BEGIN Dataset entries

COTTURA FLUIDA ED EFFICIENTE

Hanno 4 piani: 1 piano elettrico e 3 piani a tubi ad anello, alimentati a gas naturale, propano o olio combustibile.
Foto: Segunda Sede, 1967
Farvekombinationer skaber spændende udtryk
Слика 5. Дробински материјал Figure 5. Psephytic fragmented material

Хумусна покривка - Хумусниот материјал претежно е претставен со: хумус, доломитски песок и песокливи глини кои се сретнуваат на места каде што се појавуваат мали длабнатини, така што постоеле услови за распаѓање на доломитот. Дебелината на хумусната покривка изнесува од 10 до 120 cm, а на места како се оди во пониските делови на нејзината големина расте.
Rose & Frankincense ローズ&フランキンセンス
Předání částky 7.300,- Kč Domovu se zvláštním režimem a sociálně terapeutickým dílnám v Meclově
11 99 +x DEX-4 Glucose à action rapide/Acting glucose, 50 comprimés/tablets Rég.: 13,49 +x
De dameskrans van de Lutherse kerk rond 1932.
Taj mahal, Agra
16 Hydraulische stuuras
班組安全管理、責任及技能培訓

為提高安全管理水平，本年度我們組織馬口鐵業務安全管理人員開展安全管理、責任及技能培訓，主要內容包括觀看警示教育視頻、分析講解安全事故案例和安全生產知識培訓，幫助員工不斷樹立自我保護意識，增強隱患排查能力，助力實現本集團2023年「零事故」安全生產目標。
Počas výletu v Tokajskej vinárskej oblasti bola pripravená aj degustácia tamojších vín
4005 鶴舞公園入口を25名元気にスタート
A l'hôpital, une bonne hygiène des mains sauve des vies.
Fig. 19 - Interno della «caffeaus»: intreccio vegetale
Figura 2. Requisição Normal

END Dataset entries
BEGIN Dataset entries

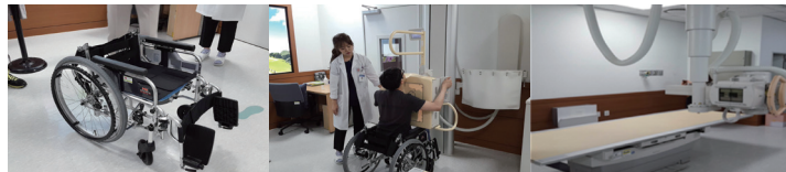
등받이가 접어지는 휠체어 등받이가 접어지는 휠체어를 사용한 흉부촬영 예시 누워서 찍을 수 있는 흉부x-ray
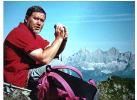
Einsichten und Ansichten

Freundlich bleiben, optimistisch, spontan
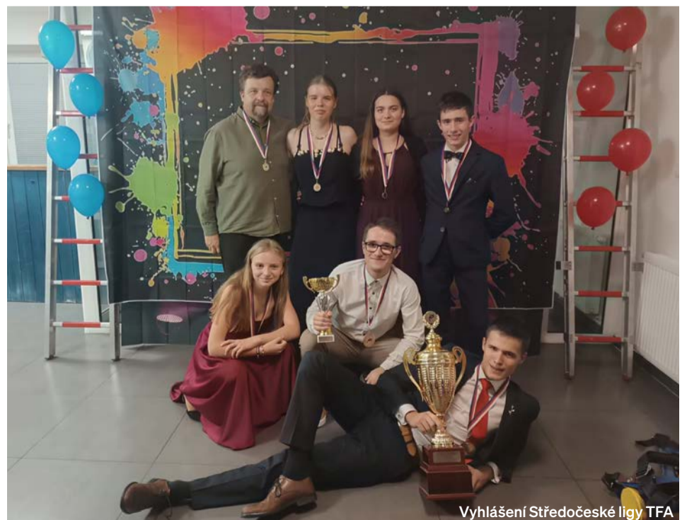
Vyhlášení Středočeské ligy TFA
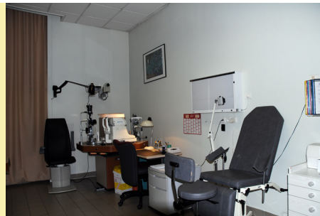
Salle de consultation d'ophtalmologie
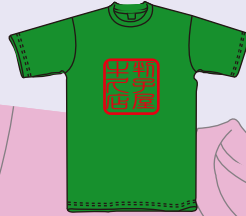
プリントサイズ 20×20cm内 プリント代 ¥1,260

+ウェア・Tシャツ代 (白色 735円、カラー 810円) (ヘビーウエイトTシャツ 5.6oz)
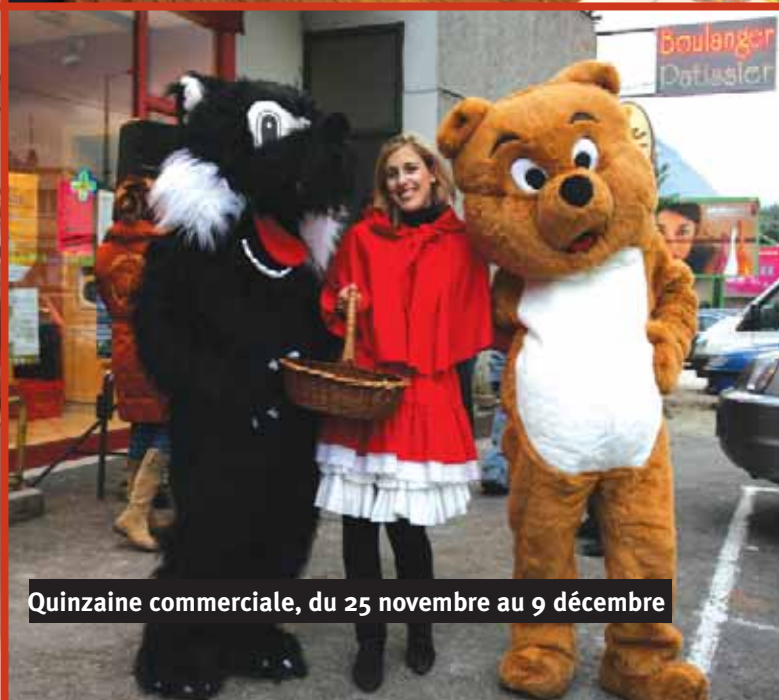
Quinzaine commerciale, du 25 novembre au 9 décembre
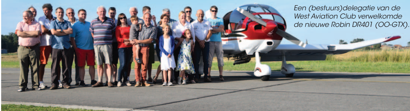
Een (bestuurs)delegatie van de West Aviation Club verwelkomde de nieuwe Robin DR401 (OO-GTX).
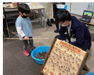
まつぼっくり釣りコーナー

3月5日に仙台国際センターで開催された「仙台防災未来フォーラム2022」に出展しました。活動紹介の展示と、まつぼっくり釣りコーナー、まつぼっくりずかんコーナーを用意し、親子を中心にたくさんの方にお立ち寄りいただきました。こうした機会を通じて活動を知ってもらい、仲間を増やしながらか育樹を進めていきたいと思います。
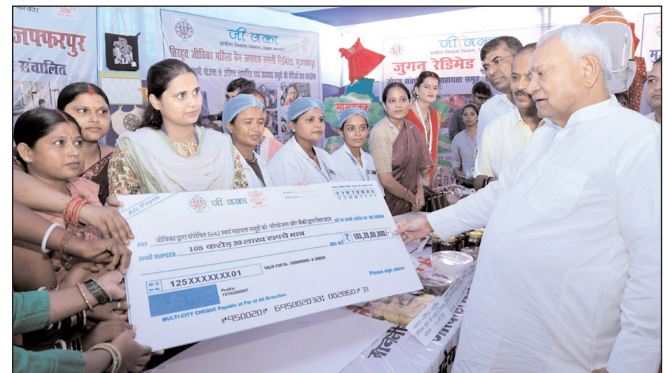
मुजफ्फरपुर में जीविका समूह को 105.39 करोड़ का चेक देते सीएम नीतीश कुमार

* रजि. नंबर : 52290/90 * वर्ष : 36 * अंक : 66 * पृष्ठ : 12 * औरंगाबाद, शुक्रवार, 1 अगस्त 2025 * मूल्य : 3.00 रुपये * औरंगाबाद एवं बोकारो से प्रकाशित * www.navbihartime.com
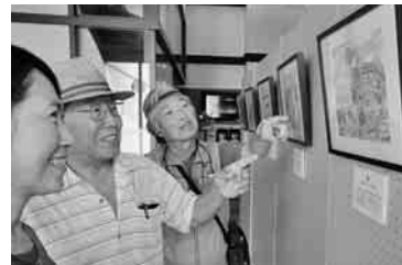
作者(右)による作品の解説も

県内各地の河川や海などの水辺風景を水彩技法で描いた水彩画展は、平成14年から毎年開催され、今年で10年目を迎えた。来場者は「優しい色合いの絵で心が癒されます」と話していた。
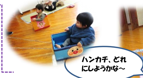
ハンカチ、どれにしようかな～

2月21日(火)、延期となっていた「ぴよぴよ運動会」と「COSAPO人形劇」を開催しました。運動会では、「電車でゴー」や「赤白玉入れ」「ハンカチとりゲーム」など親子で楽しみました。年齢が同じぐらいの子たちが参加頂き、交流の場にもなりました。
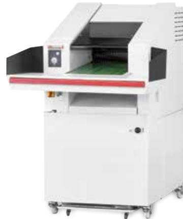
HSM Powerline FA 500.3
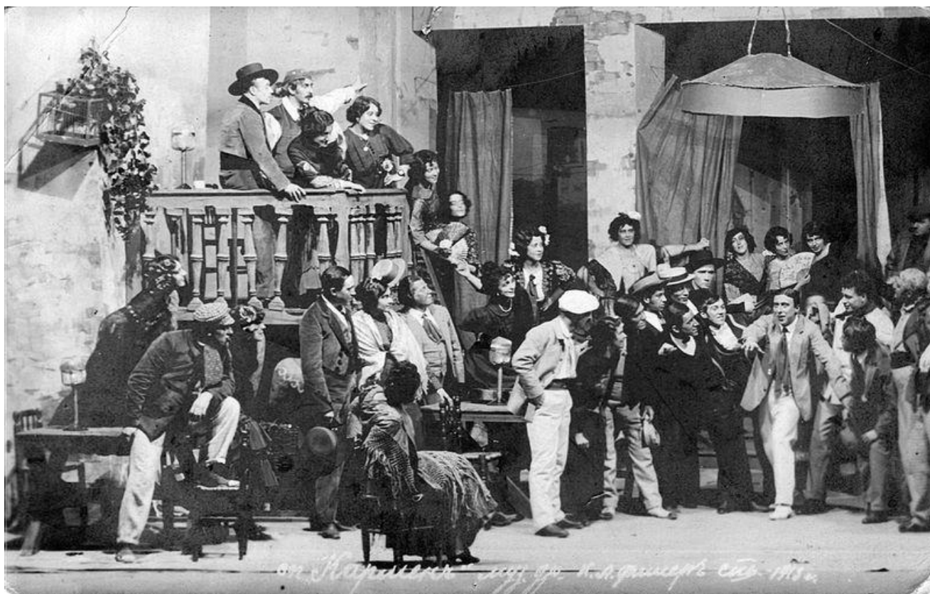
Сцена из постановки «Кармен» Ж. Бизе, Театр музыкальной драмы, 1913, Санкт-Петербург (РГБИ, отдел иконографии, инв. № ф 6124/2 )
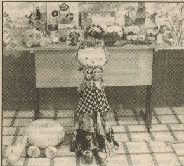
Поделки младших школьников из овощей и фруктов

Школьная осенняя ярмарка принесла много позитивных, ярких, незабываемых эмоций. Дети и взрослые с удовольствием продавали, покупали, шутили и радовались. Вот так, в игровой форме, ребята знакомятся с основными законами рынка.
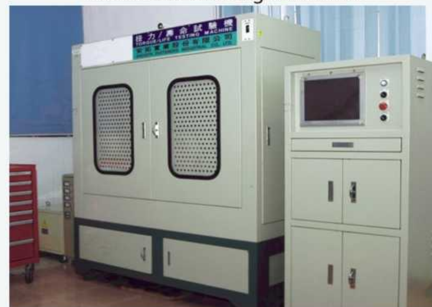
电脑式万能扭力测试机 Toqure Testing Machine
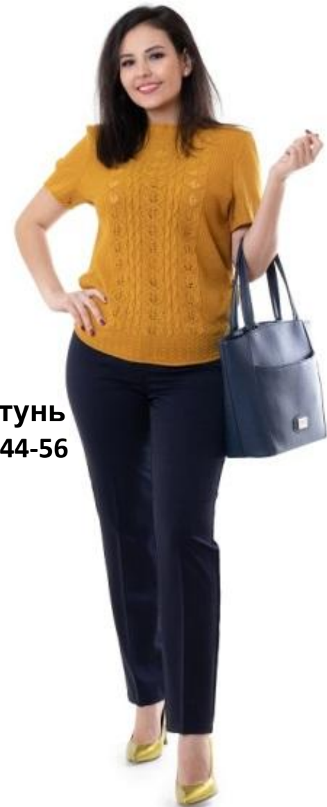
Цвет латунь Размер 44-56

END Dataset entries

Task requirements >>
Your answer must be the number of lines above that contain the word "責任及技能培訓", stated alone.

Task output >>
2